La partie de poker enclenchée le 16 octobre par l'OPA de Heineken/Carlsberg touche donc à sa fin, sur le score enviable de 10,5 milliards d'euros et une hausse de 26% en Bourse de l'action de S&N par rapport à la même date. L'offre initiale portait sur 720 pence, puis 750 et plus récemment encore, sur 780 pence. Alors que le cours "normal" de l'action S&N ne devrait en réalité guère dépasser les 600 pence, compte tenu des résultats du groupe depuis le début de 2007. Selon un porte-parole de Scottish Widows Investment Partnership, un fond d'investissement appartenant à S&N, l'offre actuelle est "irrésistible pour les actionnaires". Tu m'étonnes, une sur-cote de près de 3 milliards en moins de 3 mois, ce n'est pas tous les jours que ça se présente.
Mais que ne ferait-on pas pour s'offrir un ticket d'entrée royal sur le 3ème marché mondial qu'est la Russie, quand on est respectivement numéro 4 et 5 au Top 10 des brasseurs ? Dans le deal en cours, le contrôle de BBH actuellement partagé entre S&N et Carlsberg à 50/50, irait à Carlsberg tandis que Heineken irait bien s'ancrer en profondeur sur le marché britannique. En France, le n°1 Kronenbourg passerait également à Carlsberg. Pas par plaisir, mais pour éviter une situation de monopole à Heineken, n°2 dans l'hexagone. Une subtilité juridique qui ne changera rien, si cela se réalise, au fait que les consommateurs français, quelle que soit la bière qu'ils achèteront dorénavent, enrichiront de toute manière les mêmes actionnaires.

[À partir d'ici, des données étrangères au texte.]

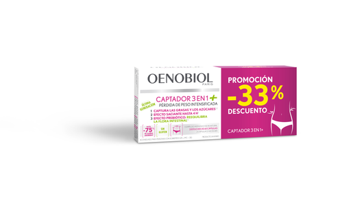 OENOBIOL CAPTADOR 3 EN 1® PLUS+ ayuda a conseguir una pérdida de peso intensificada por lo que es ideal para personas con sobrepeso instalado desde hace tiempo.
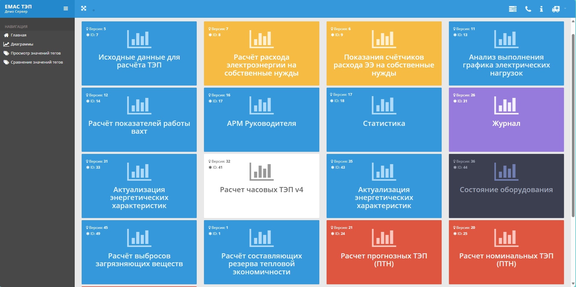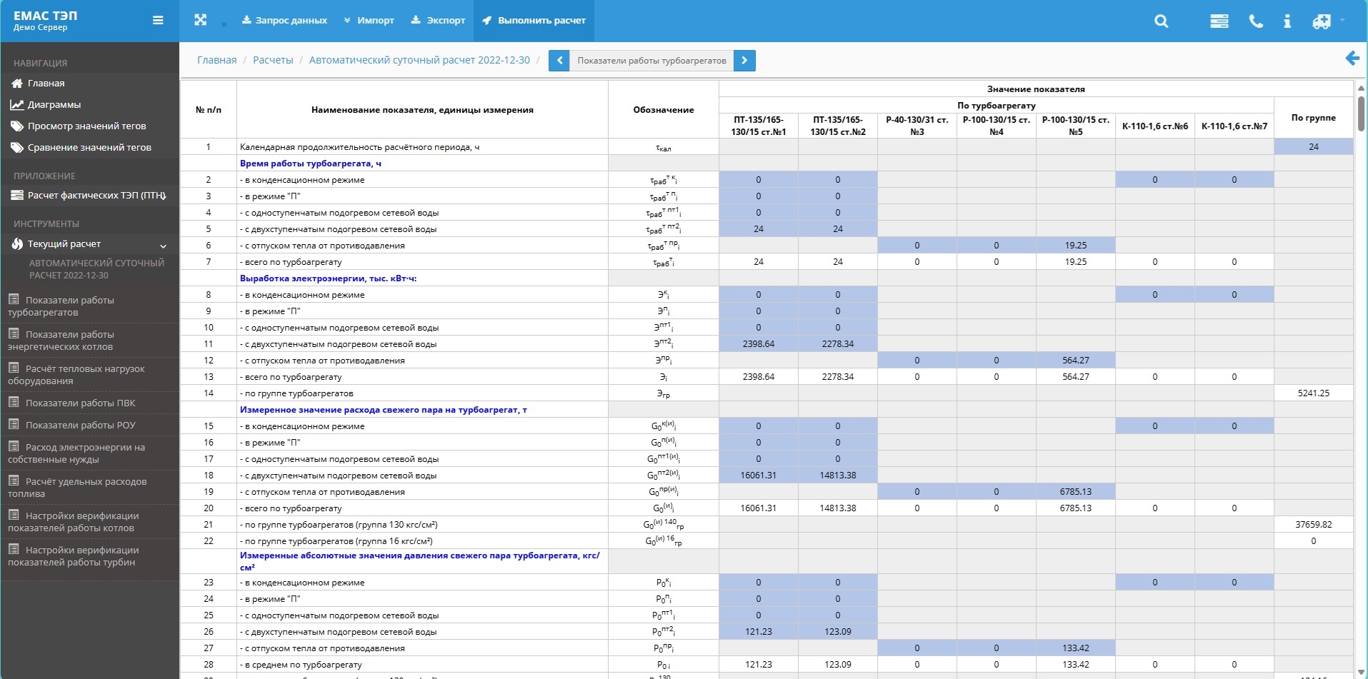 The analysis and calculation system for technical-economic indicators - "EMAS.TEP" module determines actual loads and equipment operating parameters

A la brasserie d'Obernai, tout ceci paraît encore loin. Les syndicats restent pour l'instant concentrés sur la réalité immédiate. A savoir plusieurs plans sociaux affectant pas loin de 200 personnes. L'externalisation de la centrale d'épuration et de l'expédition, le devenir des personnels d'Elidis, 83 emplois à l'administration à Strasbourg, autant de problèmes concrets à traiter pour Jean-Marc Schneider, délégué CGT, pour qui "ces plans sociaux sont plus important dans l'immédiat qu'un changement de patron", même si, ajoute t-il: "les patrons restent des patrons. Alors que ce soit X, Y ou Z qui nous reprend pour améliorer sa rentabilité, ce que je peux comprendre, il faut aussi qu'il comprenne que les ouvriers doivent vivre".